NLTK Wordnet Synset用于单词短语

Question

I'm working with the Python NLTK Wordnet API. I'm trying to find the best synset that represents a group of words.

If I need to find the best synset for something like "school & office supplies", I'm not sure how to go about this. So far I've tried finding the synsets for the individual words and then computing the best lowest common hypernym like this:

def find_best_synset(category_name):
    text = word_tokenize(category_name)
    tags = pos_tag(text)

    node_synsets = []
    for word, tag in tags:
        pos = get_wordnet_pos(tag)
        if not pos:
            continue
        node_synsets.append(wordnet.synsets(word, pos=pos))

    max_score = 0
    max_synset = None
    max_combination = None
    for combination in itertools.product(*node_synsets):
        for test in itertools.combinations(combination, 2):
            score = wordnet.path_similarity(test[0], test[1])
            if score > max_score:
                max_score = score
                max_combination = test
                max_synset = test[0].lowest_common_hypernyms(test[1])
    return max_synset

However this doesn't work very well plus it is very costly. Are there any ways to figure out which synset best represents multiple words together?

Thanks for your help!

Answer 1

Apart from what I said in the comments already, I think the way you select the best hyperonym might be flawed. The synset you end up with is not the lowest common hyperonym of all words, but only that of two of them.

Let's stick with your example of "school & office supplies". For each word in the expression you get a number of synsets.

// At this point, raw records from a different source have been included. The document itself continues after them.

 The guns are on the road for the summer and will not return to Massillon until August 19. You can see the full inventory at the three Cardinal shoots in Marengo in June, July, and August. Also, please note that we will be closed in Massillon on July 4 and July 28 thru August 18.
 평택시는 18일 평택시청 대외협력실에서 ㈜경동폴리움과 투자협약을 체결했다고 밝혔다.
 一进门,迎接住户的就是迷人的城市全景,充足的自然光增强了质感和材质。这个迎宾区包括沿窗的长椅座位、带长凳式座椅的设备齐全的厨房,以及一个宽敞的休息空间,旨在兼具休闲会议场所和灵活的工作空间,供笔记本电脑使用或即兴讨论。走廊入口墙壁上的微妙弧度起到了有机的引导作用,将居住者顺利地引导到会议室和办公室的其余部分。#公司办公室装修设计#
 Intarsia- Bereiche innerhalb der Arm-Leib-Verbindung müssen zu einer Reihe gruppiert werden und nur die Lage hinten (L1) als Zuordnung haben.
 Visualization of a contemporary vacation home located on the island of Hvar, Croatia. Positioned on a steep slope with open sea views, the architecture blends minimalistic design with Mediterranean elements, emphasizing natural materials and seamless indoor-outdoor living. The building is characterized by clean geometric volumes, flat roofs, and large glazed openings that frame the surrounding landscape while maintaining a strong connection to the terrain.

So the variable node_synsets will look something like the following:

[[school_1, school_2], [office_1, office_2, office_3], [supply_1]]

In this example, there are 6 ways to combine each synset with any of the others:

[(school_1, office_1, supply_1),
 (school_1, office_2, supply_1),
 (school_1, office_3, supply_1),
 (school_2, office_1, supply_1),
 (school_2, office_2, supply_1),
 (school_2, office_3, supply_1)]

These triples are what you iterate over in the outer for loop (with itertools.product ). If the expression has 4 words, you would iterate over quadruples, with 5 it's quintuples, etc.

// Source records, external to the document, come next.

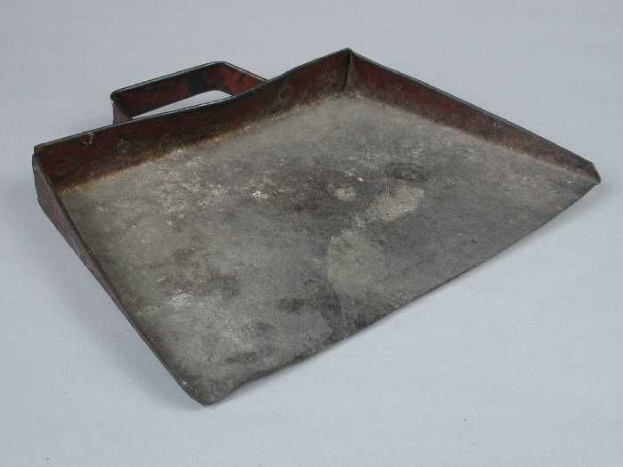 Rechthoekig metalen stofblik met handvat, gebruikt d...
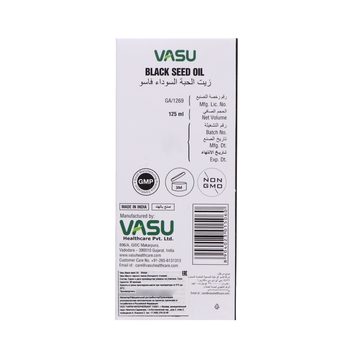 Масло чёрного тмина Васу, холодного отжима, 125 мл - это высококачественный продукт, который производится из отборных семян чёрного тмина. Это масло обладает уникальными свойствами и широко используется в косметологии и медицине.
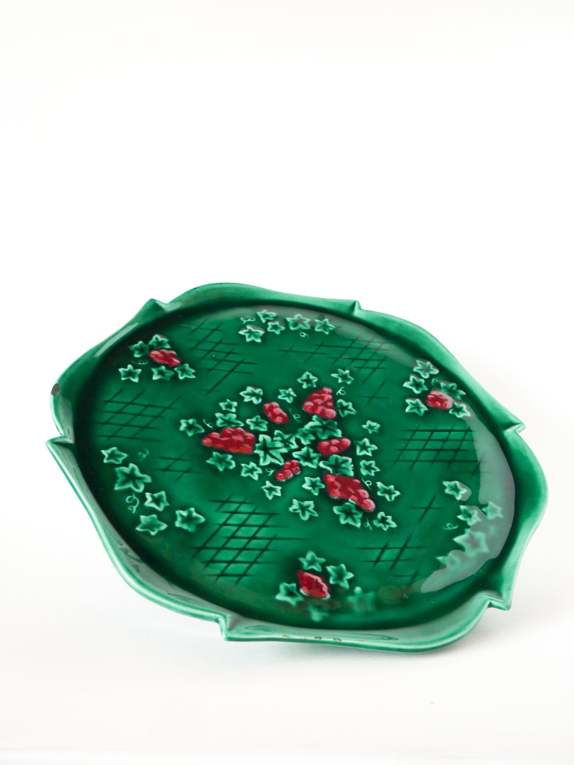 Grand plat à gâteaux en barbotine, Vert & Bordeaux, 1970
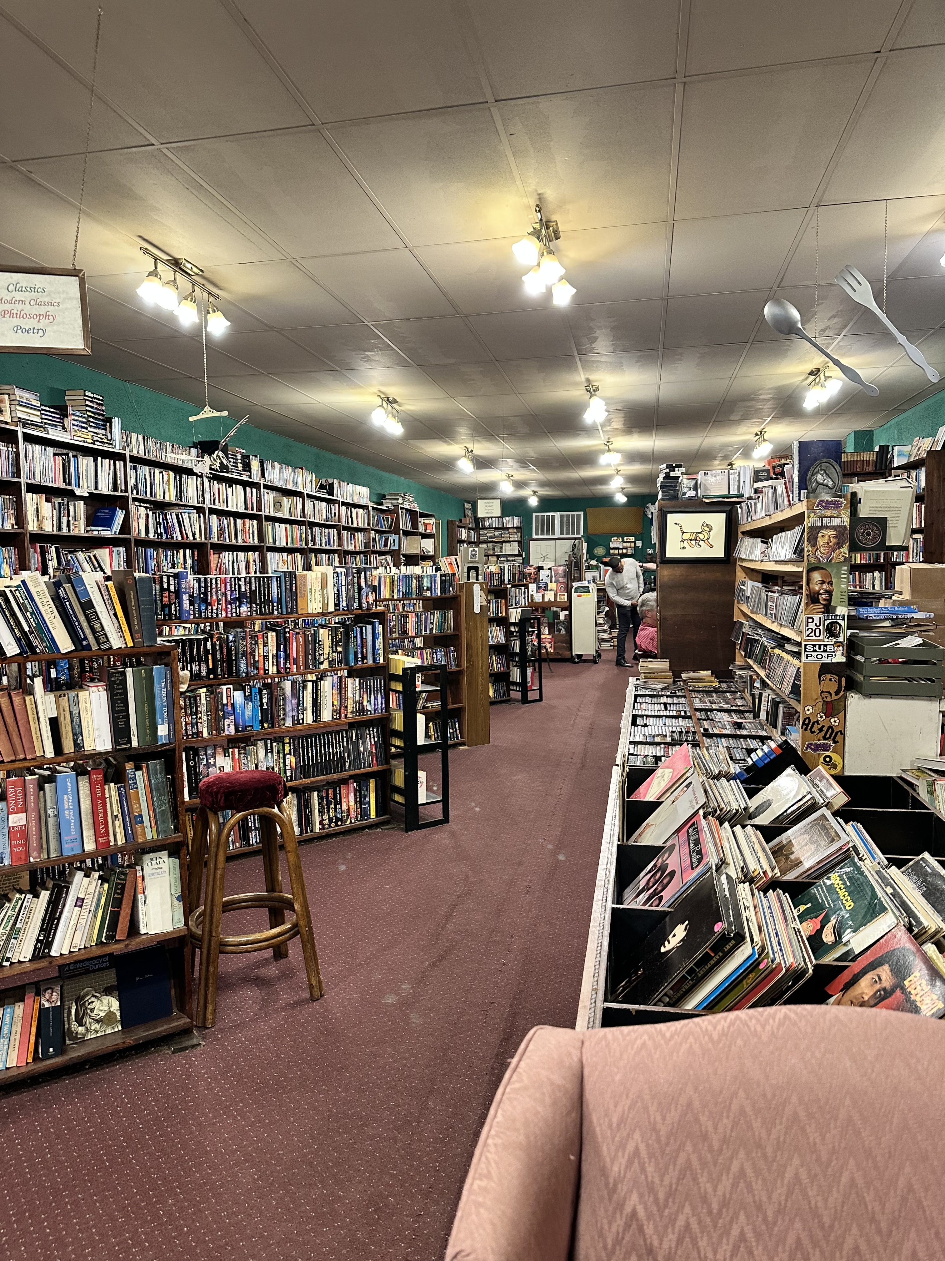 I have never met a bookseller I didn’t like, but I genuinely took interest in Tommy. He talked with us and told us about the town, even pausing to explain how before Covid, men would gather outside and talk (the Penny Loafers). I could tell that this man was happy and unhurried, peaceful and well-read. I asked him the title of the last great book he’d read. He ambled over to the display, kind of scratching his chin, and recommended Big Fish as the one he recommends to everyone. He explained that while he isn’t big on magical realism, he thinks this book is the best in its genre. Of course, when Tommy from JudyBugs or Tony from the Verbivore recommends a book, I’m buying it as I envision him drinking port with Theo from that bottle that told the story of a life.
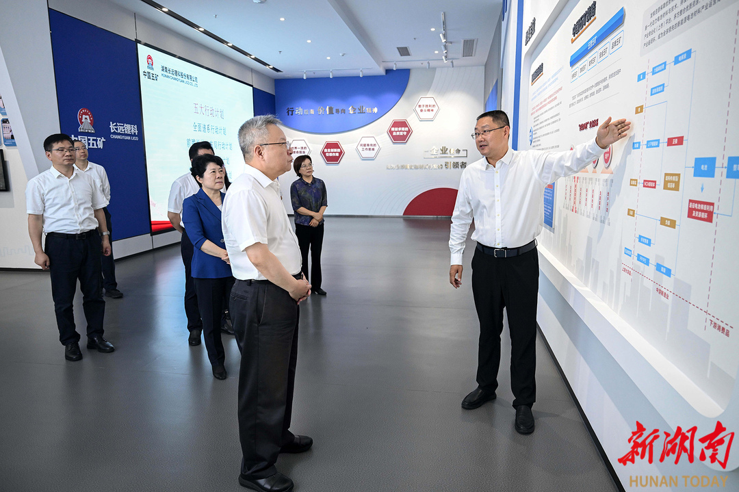 (7月10日,沈曉明來(lái)到長(zhǎng)沙礦冶研究院,了解技術(shù)研發(fā)和產(chǎn)業(yè)化進(jìn)展。)
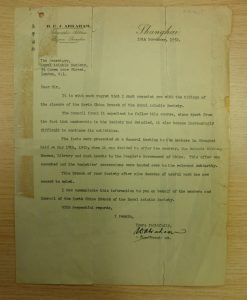 The main focus for my cataloguing on to Archives Hub in the last few weeks has been material associated with Societies that are, or have been, allied with the Royal Asiatic Society. This morning I finished the catalogue for the Royal Asiatic Society China. This was founded as the Shanghai Literary and Scientific Society, in 1857, and became affiliated to the Royal Asiatic Society the following year, becoming the Royal Asiatic Society (North China Branch). This material I catalogued was collated in the interaction of the two Societies; the closure of the North China Branch in 1952 and subsequent questions regarding it closure; and in its reopening in 2006 and subsequent contact with the Royal Asiatic Society.
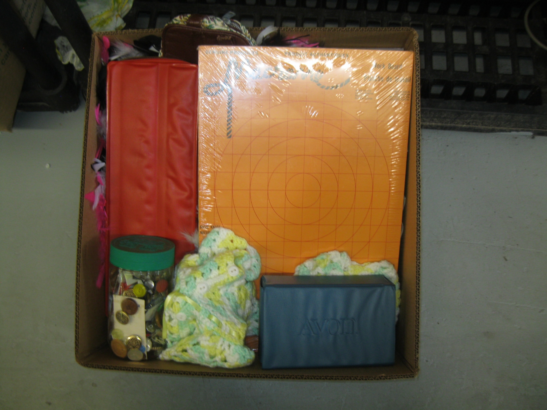 Lot 621 BOX OF MISC. - KNITTING NEEDLES, FEATHER BOA, ETC.

Now, with the inner for loop, you pair off each triple. The first one is:

[(school_1, office_1),
 (school_1, supply_1),
 (office_1, supply_1)]

... and you determine the lowest hyperonym among each pair. So in the end you get the lowest hyperonym of, say, school_2 and office_1 , which might be some kind of institution. This is probably not very meaningful, as it doesn't consider any synset of the last word.

Maybe you should try to find the lowest common hyperonym of all three words, in each combination of their synsets, and take the one scoring best among them.